* [EXERCISE GOAL]:
Nothing but the lines below from the one that contains "Silver, gold, and" through the one that contains "Buy 1 for $77*" should be retyped, exactly and including both ends. Do not include pictures.

* [PROVIDED RECORDS]:
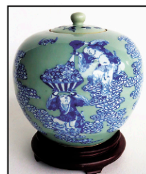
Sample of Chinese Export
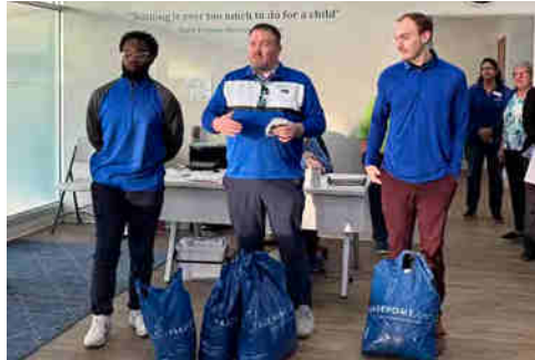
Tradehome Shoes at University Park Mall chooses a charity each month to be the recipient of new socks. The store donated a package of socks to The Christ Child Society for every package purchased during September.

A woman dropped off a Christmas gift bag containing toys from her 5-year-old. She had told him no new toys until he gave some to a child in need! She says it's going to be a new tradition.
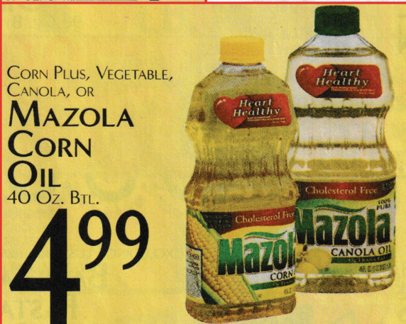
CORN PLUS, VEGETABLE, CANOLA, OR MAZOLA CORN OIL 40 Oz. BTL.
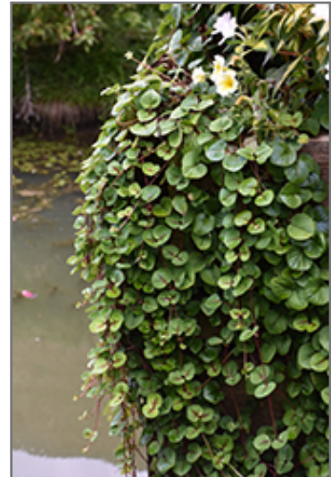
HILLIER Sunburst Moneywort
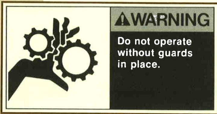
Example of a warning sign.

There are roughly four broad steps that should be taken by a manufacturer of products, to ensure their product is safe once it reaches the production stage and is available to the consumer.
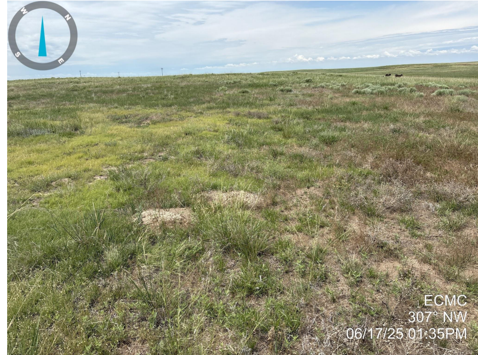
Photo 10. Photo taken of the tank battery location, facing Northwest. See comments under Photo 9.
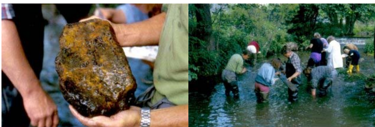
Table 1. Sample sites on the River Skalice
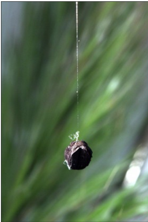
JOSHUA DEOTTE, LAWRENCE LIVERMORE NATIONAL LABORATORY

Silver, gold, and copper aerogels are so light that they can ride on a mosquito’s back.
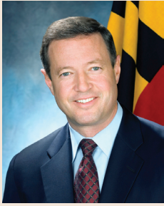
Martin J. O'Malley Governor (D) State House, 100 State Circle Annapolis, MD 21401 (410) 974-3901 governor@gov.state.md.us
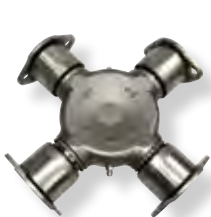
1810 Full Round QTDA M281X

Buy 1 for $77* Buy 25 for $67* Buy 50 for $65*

--

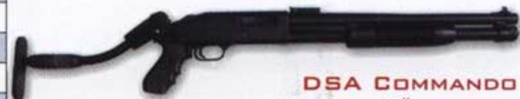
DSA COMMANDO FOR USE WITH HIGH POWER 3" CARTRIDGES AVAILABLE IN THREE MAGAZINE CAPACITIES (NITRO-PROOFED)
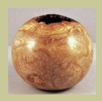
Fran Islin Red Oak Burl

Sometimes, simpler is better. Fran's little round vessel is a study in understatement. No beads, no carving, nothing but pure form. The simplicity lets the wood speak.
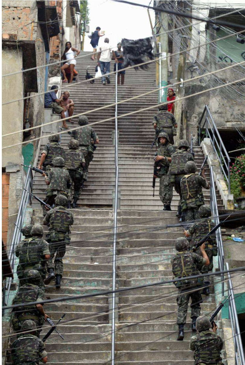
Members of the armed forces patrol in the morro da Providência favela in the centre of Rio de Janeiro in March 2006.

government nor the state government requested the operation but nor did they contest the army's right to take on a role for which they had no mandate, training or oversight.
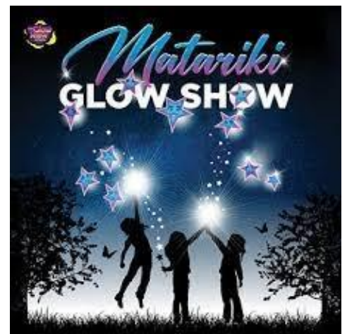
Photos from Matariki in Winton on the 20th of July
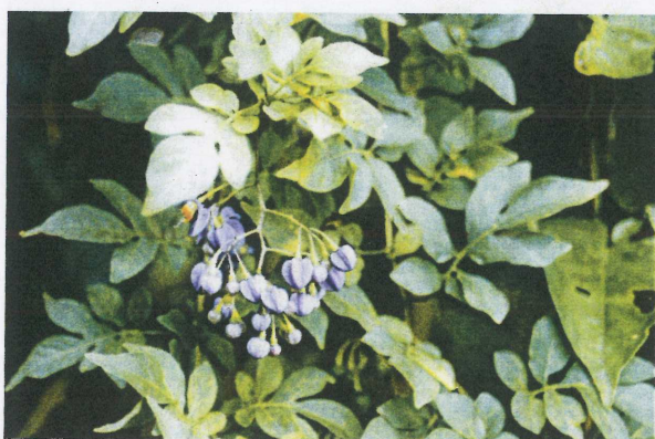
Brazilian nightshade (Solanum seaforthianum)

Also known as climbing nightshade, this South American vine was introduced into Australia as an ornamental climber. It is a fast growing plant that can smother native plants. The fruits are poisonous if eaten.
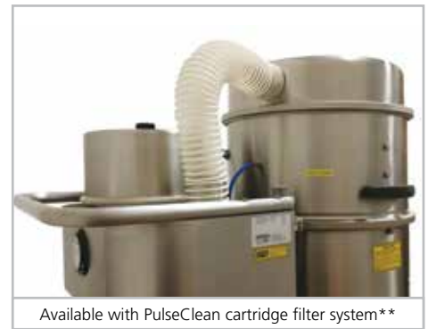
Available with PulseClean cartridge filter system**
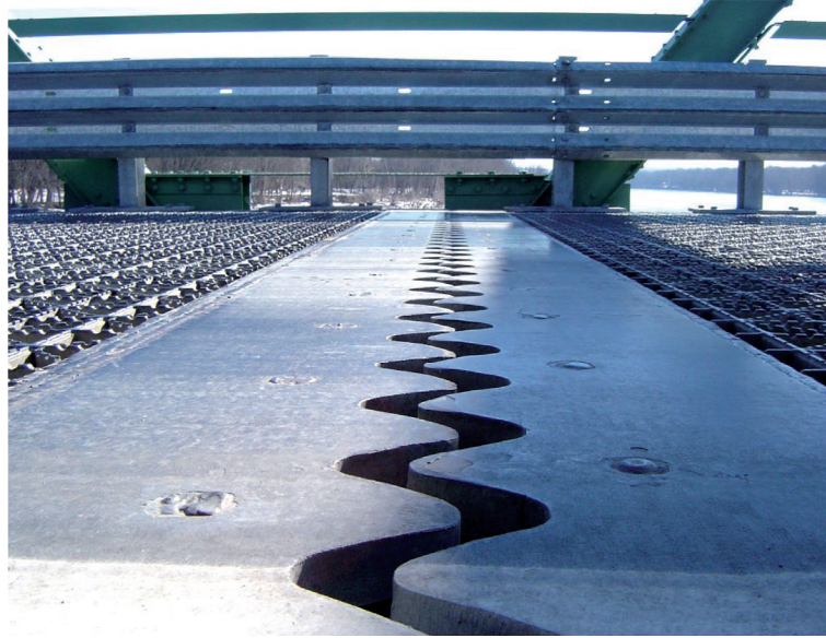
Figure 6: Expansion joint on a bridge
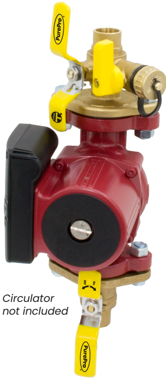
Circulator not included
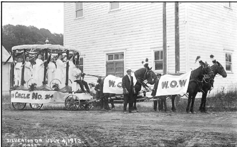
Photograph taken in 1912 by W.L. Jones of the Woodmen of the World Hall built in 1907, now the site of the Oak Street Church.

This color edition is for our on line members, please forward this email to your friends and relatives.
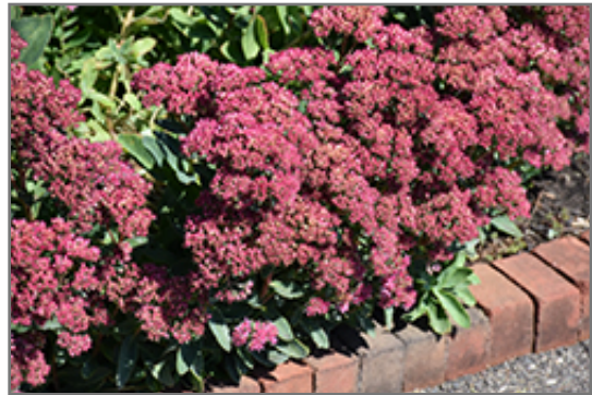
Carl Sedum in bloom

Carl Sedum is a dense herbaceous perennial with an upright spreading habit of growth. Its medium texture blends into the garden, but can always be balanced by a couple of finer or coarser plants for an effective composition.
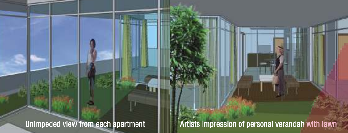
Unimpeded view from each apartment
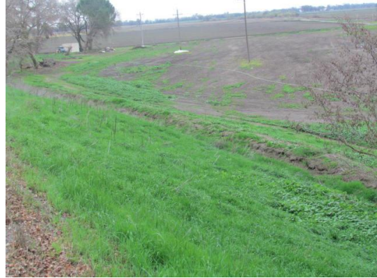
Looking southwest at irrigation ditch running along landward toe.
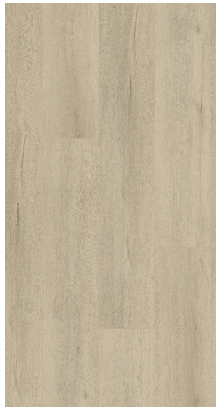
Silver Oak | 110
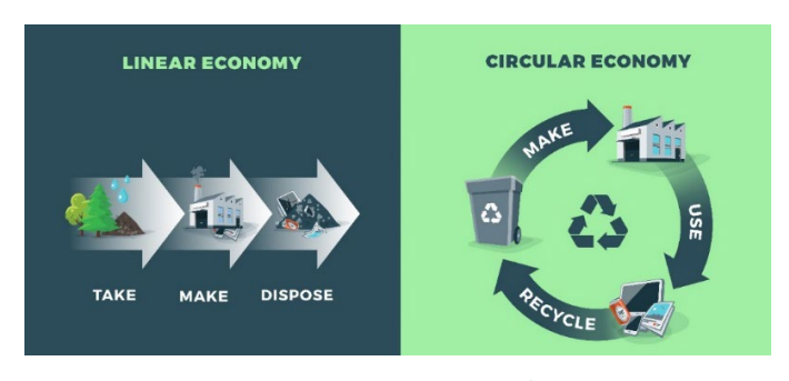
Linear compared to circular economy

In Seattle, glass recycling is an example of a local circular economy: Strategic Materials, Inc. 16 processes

---

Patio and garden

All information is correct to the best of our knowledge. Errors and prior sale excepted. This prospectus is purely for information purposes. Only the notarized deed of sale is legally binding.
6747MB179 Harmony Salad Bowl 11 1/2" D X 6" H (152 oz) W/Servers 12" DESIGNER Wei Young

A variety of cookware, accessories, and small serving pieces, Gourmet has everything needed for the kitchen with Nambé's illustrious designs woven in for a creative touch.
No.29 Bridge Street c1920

* [WRITTEN ANSWER]:
Silver, gold, and copper aerogels are so light that they can ride on a mosquito’s back.
Martin J. O'Malley Governor (D) State House, 100 State Circle Annapolis, MD 21401 (410) 974-3901 governor@gov.state.md.us
1810 Full Round QTDA M281X

Buy 1 for $77* Buy 25 for $67* Buy 50 for $65*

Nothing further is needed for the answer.